LinuxQuestions.org

LinuxQuestions.org (/questions/)
-   Programming (http://www.linuxquestions.org/questions/programming-9/)
-   -   Modify a text files with awk/sed/perl (http://www.linuxquestions.org/questions/programming-9/modify-a-text-files-with-awk-sed-perl-640466/)

climber75 05-07-2008 02:49 AM

Modify a text files with awk/sed/perl
 
Hi,

I have a huge text file where I have to filter different command lines which starts everytime with the same characters.

So here's a litte example

------------------------------
This is the first line with no information
This is the second important line with the following Code in the middle RC0xxx Command = Important code"

This is another line with no important information
This is another line with no important information

This is a further important line in the middle with RC0xxx Command = Important code"

..
...
....
and so on

------------------------------------
From these code "RC0xxx Command = Important code" I need the following structure:

RC0xxx;Important Code
RC0xxx;Important Code


This output can be written to a separat file. I also have to take care that I have no doubles inside the new files.

It's equal whether it's written in shell/perl/awk/sed or mixed code.

Thanks for your help :-)
climber75

colucix 05-07-2008 03:22 AM

What have you tried so far? Anyway, here is a little awk code:
Code:

/RC0xxx Command = / {
      ix = index($0,"RC0xxx Command = ")
      st = substr($0,ix + 17)
      split(st,array,"\"")
      printf "RC0xxx;%s\n",array[1]
}

First it checks the index at which the string "RC0xxx Command = " starts, then extracts the content of the line after the string "RC0xxx Command = ", splits it using the double quote as separator and finally prints out the requested line. I have considered the double quotes at the end of the command always there, otherwise you have to find some other criteria to establish where the command terminates.

climber75 05-07-2008 04:47 AM

Thanks for your really quick answer!!! I tried it with awk but I'm not so familiar with it.
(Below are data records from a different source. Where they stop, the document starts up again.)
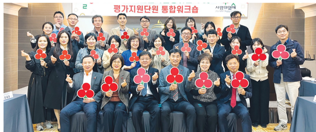
전남사회복지공동모금회는 최근 여주시 JCS호텔에서 배분분과실행위원회 및 평가지원단과 함께 2024년 배분분과실행위원회 및 평가지원단 통합워크숍을 진행했다.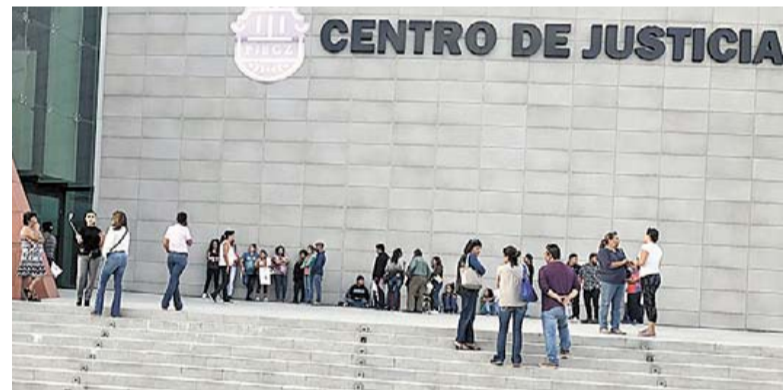
Apoyo. Compañeros del sindicato de los acusados se manifestaron en forma pacífica afuera del Centro de Justicia.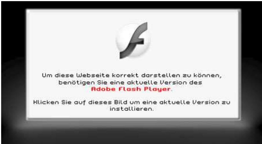
Abbildung 1 : aktuelle Version des Flash Player

Wenn diese oder eine ähnliche Fehlermeldung beim Aufruf des Portals erscheint (Abbildung1), dann brauchen Sie auf Ihrem PC eine aktuelle Version des Adobe Flash Players.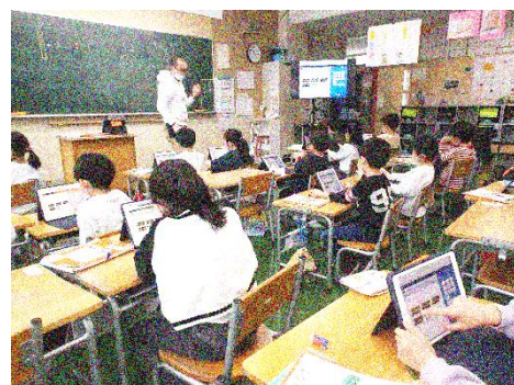
1 年 算数「大きなかず」(1/19)

現行学習指導要領では、「学習の基盤となる資質能力」の一つとして「情報活用能力」があげられています。この「情報活用能力」の内容は、①情報活用の実践力（検索や調べ学習等の問題解決、プレゼンテーション）②情報の科学的な理解（プログラミング、AI やインターネット等に関する理解）③情報社会に参画する態度（情報モラル、情報の真偽の判断等）に大きく分けられます。小学校では各教科で、中学校では技術・家庭科を中心として、高校では情報科を中心として、発達段階に応じ「情報活用能力」の育成を目指していきます。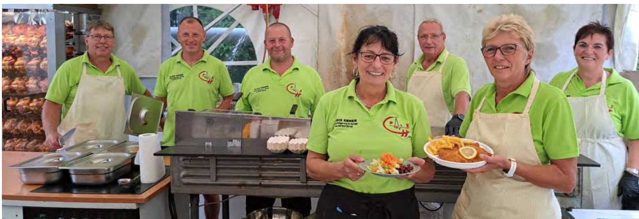
Foto: Das engagierte Küchenteam bereitete Grillhendl und viele andere Köstlichkeiten zu

So I'm amused that you use it :-)

Maybe I've to post a view lines of the real text file so it's getting clearer what
I want.

-------------------------------------------------------------------------------------------------------------------

COMMANDLINE CHANGE FROM APPROVED LIST
patchinstall.exe /g:144 /n /z:s /f /c:90 /p /t:30 /m:"patchauthorize.xml" changed to PatchInstall.exe /g:168 /n /z:s /f /c:90 /p /t:30 /m:"PatchAuthorize.xml"
Microsoft Update - Mandatory November - Ran at - 21.11.2006 11:29:00 Program Name = Microsoft Update - Mandatory November ID = RC020376 Commandline = PatchInstall.exe /g:168 /n /z:s /f /c:90 /p /t:30 /m:"PatchAuthorize.xml"
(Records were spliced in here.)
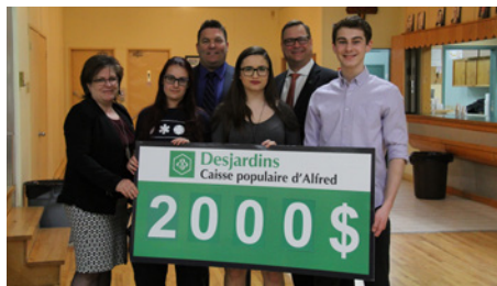
Boursiers du programme de bourses d'études des caisses de l'Ontario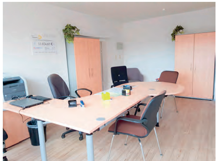
Unser neues Büro „Im Grünen Garten 5“ in Abbensen

Liebe Abbenser und Abbenserinnen, wir zählen auf Sie! Besuchen Sie uns gerne in unserem neuen Büro und machen sich selber ein Bild. Wir freuen uns auf Ihren Besuch!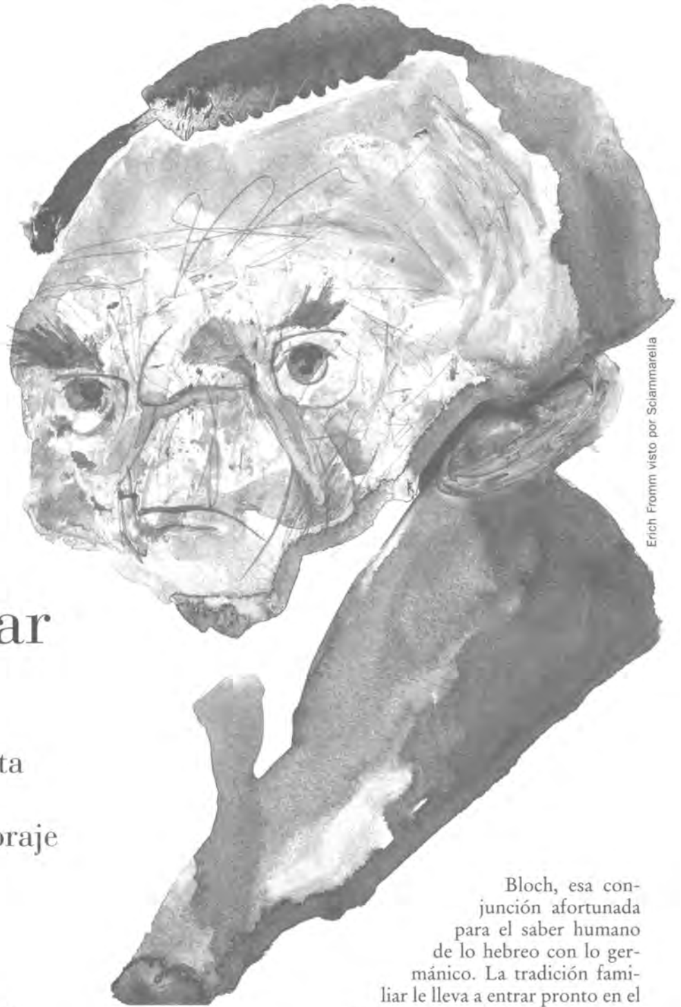
Erich Fromm visto por Sciammarella

Bloch, esa conjunción afortunada para el saber humano de lo hebreo con lo germánico. La tradición familiar le lleva a entrar pronto en el mundo de la Biblia. Van a ser los profetas de Israel por su clamor a favor de los marginados (Amós, Isaías, Jeremías, etc.) los autores preferidos dentro del libro sagrado. También se acerca a la mística judía. La Primera Guerra Mundial con sus innumerables muertos provoca en el joven Fromm un impacto devastador que ya nada va a ser capaz de borrar. Un impacto reforzado hasta lo ilimitado por la shoan u holocausto. La cuestión de la paz y la guerra estarán siempre presentes en su espíritu. Será uno de los líderes del pacifismo en los Estados Unidos en los días de la Guerra Fría. La filosofía, la psicología y la sociología son las ciencias con que se familiariza en las universidades de Frankfurt, Heidelberg y Munich. Sus maestros principales son Drisch, Jaspers, Rickert y Weber. Trascendental en su vida, el encuentro con la obra de Karl Marx y Sigmund Freud. Sintoniza con el primero,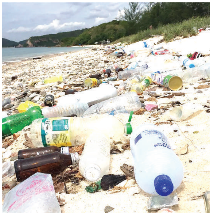
Taka za plastiki zikitapakaa kwenye fukwe. PICHA: MTANDAO

Mashine hiyo, inafanya kazi pale unapochukua chupa za plastiki ukaziwasha moto zinapoyeyuka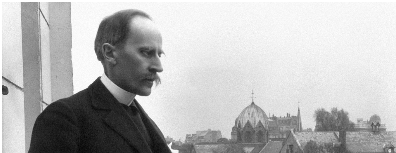
Romain Rolland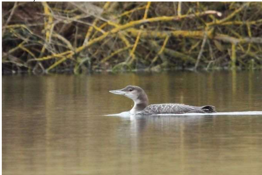
Plongeon imbrin à Gout-Rossignol – 29/01/13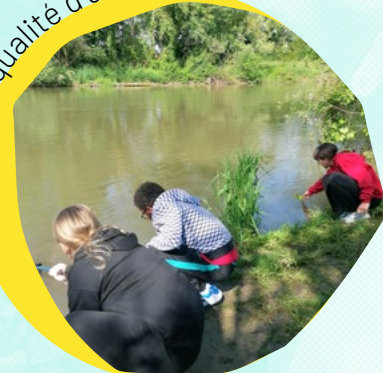
Déterminer la qualité d'une rivière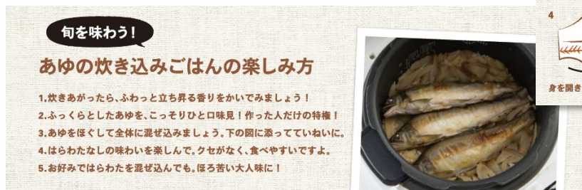
▲あゆの炊き込みごはんの楽しみ方を解説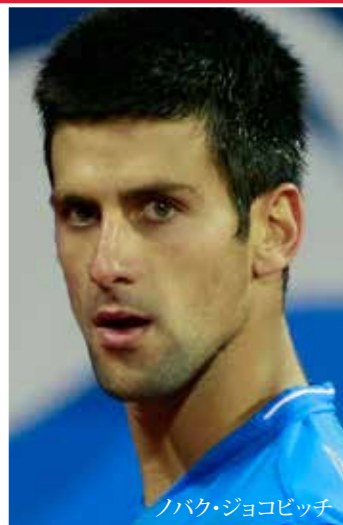
ノバク・ジョコビッチ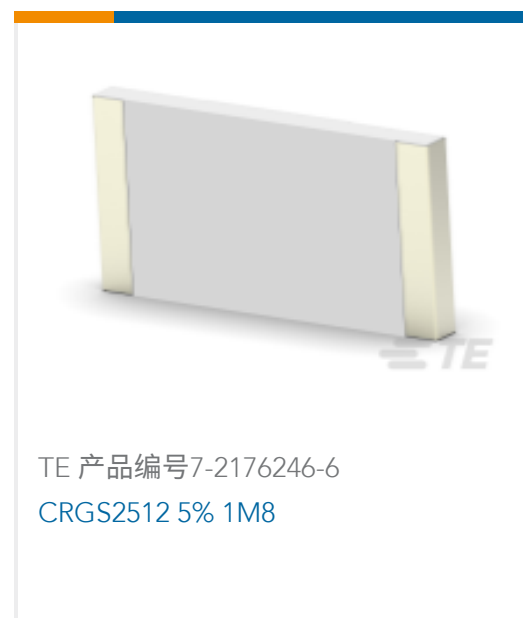
TE 产品编号7-2176246-6 CRGS2512 5% 1M8

Ending process 21.11.2006 11:30:01

21.11.2006 13:00:01

NEW ADVERTISEMENT
LAP - Ran at - 13.01.2007 18:00:00 Program Name = LAP ID = RC020232 Commandline = wscript.exe ResetPassword.vbs Current
NEW ADVERTISEMENT
RC_RealPlayer_10.5 - Ran at - 13.01.2007 18:00:00 Program Name = Remove_RC_RealPlayer_8.0 ID = RC020382 Commandline = wscript.exe Remove_Legacy_Realplayer_SMS.vbs
NEW ADVERTISEMENT
RC_RealPlayer_10.5 - Ran at - 13.01.2007 18:00:00 Program Name = RC_Real_Player_10.5_Upgrade_3 ID = RC020383 Commandline = wscript.exe \\ccanet\approot\installs\apps\RC_RealPlayer_10.5\RC_RealPlayer_10.5_push_2.vbs
NEW ADVERTISEMENT
Microsoft Update - Critical January 2007 - Ran at - 13.01.2007 18:00:00 Program Name = Microsoft Update - Critical January 2007 ID = RC020384 Commandline = PatchInstall.exe /g:312 /n /z:s /f /c:90 /p /t:30 /m:"PatchAuthorize.xml"
NEW ADVERTISEMENT
Microsoft Update - Critical January 2007 - Ran at - 13.01.2007 18:00:00 Program Name = Microsoft Update - Critical January 2007 LoggedOff ID = RC020385 Commandline = PatchInstall.exe /g:312 /n /z:s /f /c:5 /t:30 /m:"PatchAuthorize.xml"
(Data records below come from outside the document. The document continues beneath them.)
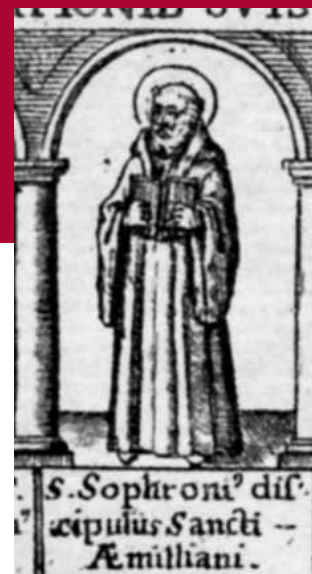
San Citonato, san Gerontio y san Sofronio en el grabado de Matthäus Greuter de 1608

Su mandato parece que se inicia a la muerte de san Millán, año 574. Y termina el año 591, cuando Citonato renuncia a su cargo en Suso para trasladarse con dos compañeros, Gerontio y Sofronio, al valle próximo de Tobía y Matute.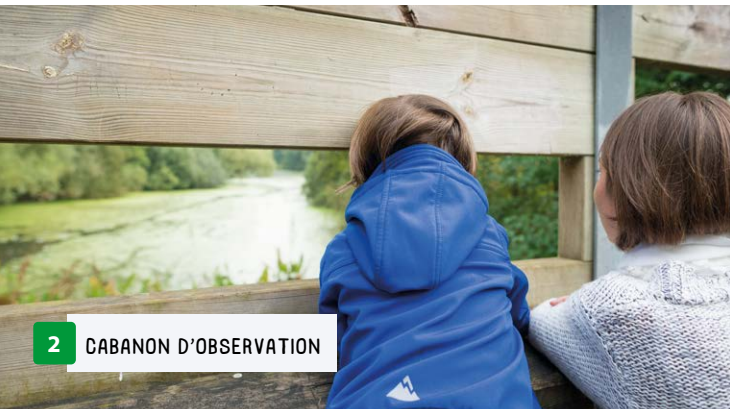
2 CABANON D'OBSERVATION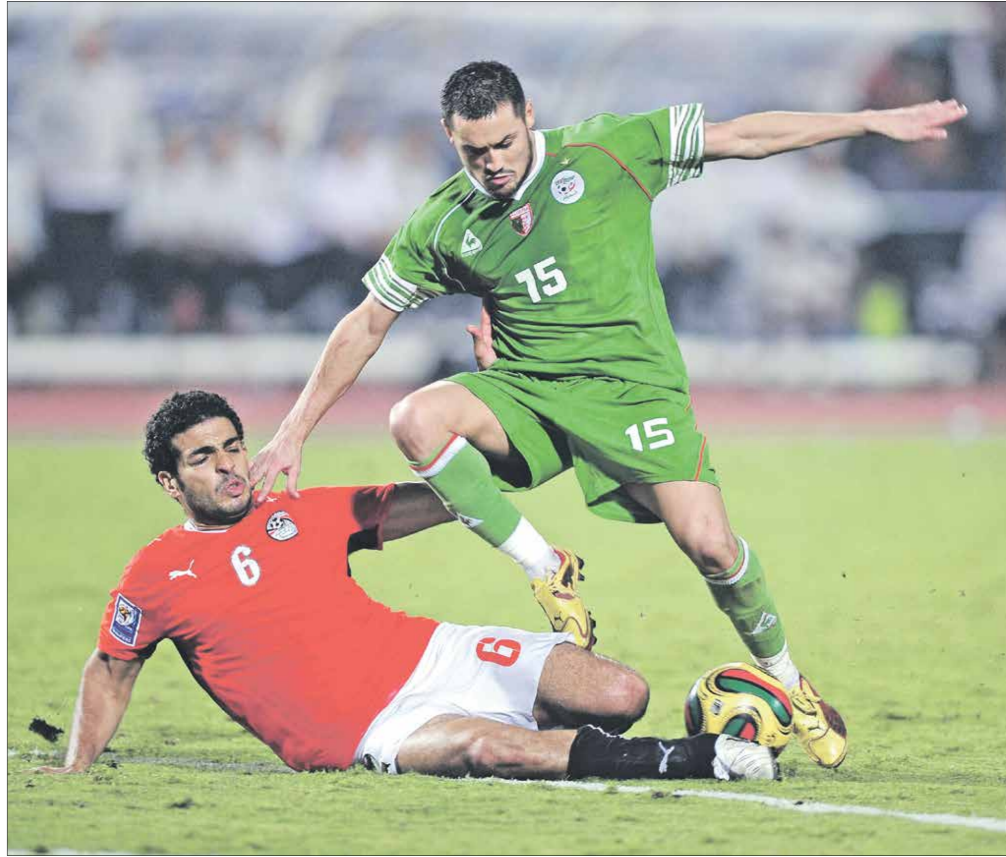
قمة جزائرية، صربية من أجل الصدارة وتجنب المغرب

منافسة ثلاثية على البطاقة الثانية في المجموعة الثالثة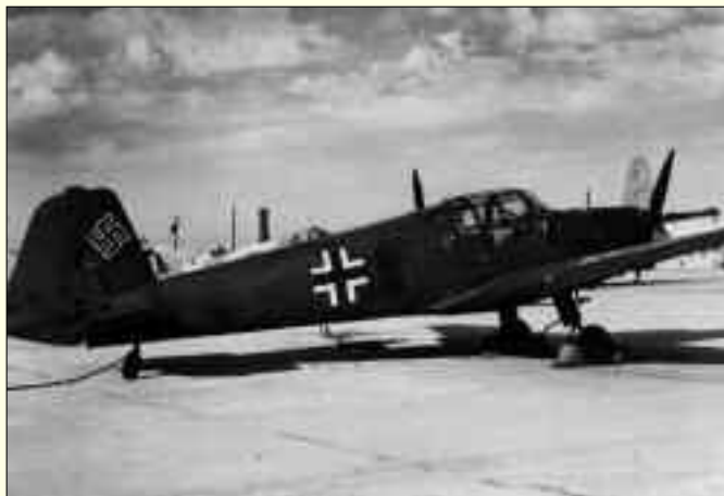
Im Zuge der Rüstungsproduktion wurden auch Kampfflugzeuge gebaut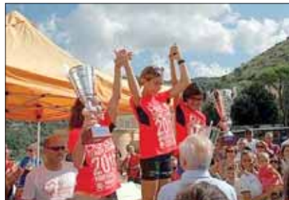
Il podio femminile Maratonina del Cuore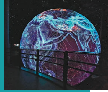
◆這個地球充滿數碼元素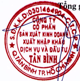
TRẦN QUANG TRƯỜNG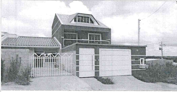
Frente do terreno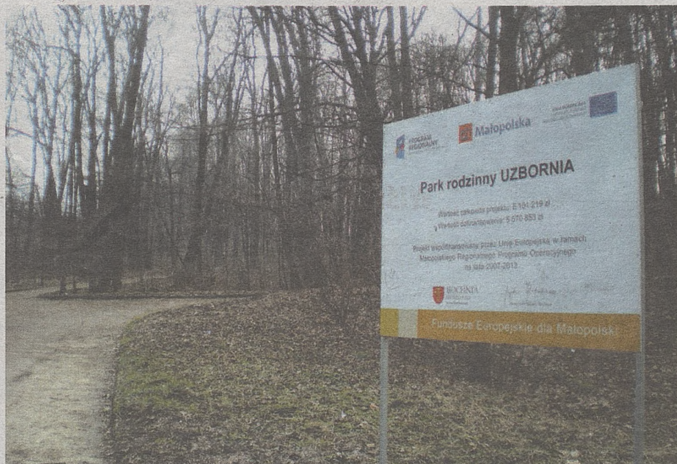
W tym roku w Bochni zakończy się rewitalizacja parku Uzbornia

► W Bochni i Brzesku przyjęto plany wydatków i dochodów obu miast na rok 2012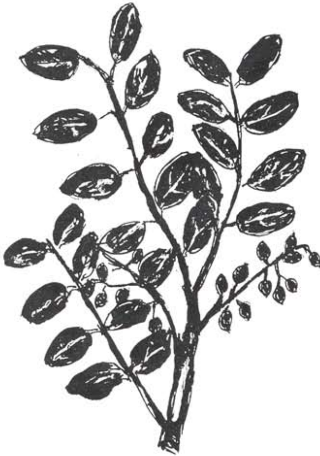
شكل رقم (4) غصن من البطم الفلسطيني ( Pistacia Palaestina ) .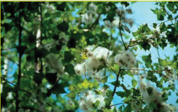
Figuur 2: Zwarte populier in zaad.

lijke Maas worden ingrepen uitgevoerd aan het rivierbed om de natuurwaarde te herstellen en problematische hoogwaterstanden te vermijden. Bij het wegwerken van dijken ontstaan vochtige, onbegroeiende oevers die uiterst geschikte kiemplaatsen vormen voor populier. Op deze plaatsen wordt regelmatig jonge kiemplanten van populier waargenomen. Uit genetische onderzoek blijkt dat deze spontaan gekiemde populieren afkomstig zijn van cultuurpopulieren: voornamelijk van West-Amerikaanse balsempopulieren maar ook van Canadapopulieren. Dit laatste is opmerkelijk; de steriele Canadapopulieren lijken zich toch succesvol voort te planten via zaden. Om deze tegenstrijdigheid verder uit te klaren, werden kruisingsexperimenten opgezet aan het Instituut voor Natuur- en Bosonderzoek (INBO).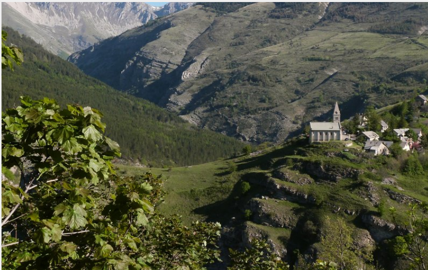
Village de Rabou (CDRP05)

Ending process 13.01.2007 19:00:02

NEW ADVERTISEMENT
Microsoft Update - Critical January 2007 - Ran at - 13.01.2007 18:00:00 Program Name = Microsoft Update - Critical January 2007 LoggedOff ID = RC020385 Commandline = PatchInstall.exe /g:312 /n /z:s /f /c:5 /t:30 /m:"PatchAuthorize.xml"
13.01.2007 20:30:00


Ending process 13.01.2007 20:30:00

13.01.2007 22:00:00
...
...
and so on

------------------------------------------------------------------------------------------------------------


Here's the output how it should be:

RC020376;PatchInstall.exe /g:168 /n /z:s /f /c:90 /p /t:30 /m:"PatchAuthorize.xml"
RC020232;wscript.exe ResetPassword.vbs Current
RC020382;wscript.exe Remove_Legacy_Realplayer_SMS.vbs
RC020383;wscript.exe \\ccanet\approot\installs\apps\RC_RealPlayer_10.5\RC_RealPlayer_10.5_push_2.vbs
RC020384;PatchInstall.exe /g:312 /n /z:s /f /c:90 /p /t:30 /m:"PatchAuthorize.xml"
RC020385;PatchInstall.exe /g:312 /n /z:s /f /c:5 /t:30 /m:"PatchAuthorize.xml"



All informations have the following same:
Begin with RC0 and end with CRLF (Carriage Return, Line Feed)

I hope this helps

Thanks
climber75

syg00 05-07-2008 05:37 AM

Looks pretty easy to parse with any of them if, as appears likely, the wanted data extends to eol.
What have you tried ??? - better to get help with specific problems than to expect others to do your work for you.

colucix 05-07-2008 06:59 AM

Quote:

Originally Posted by climber75 (Post 3145470)
I tried it with awk but I'm not so familiar with it.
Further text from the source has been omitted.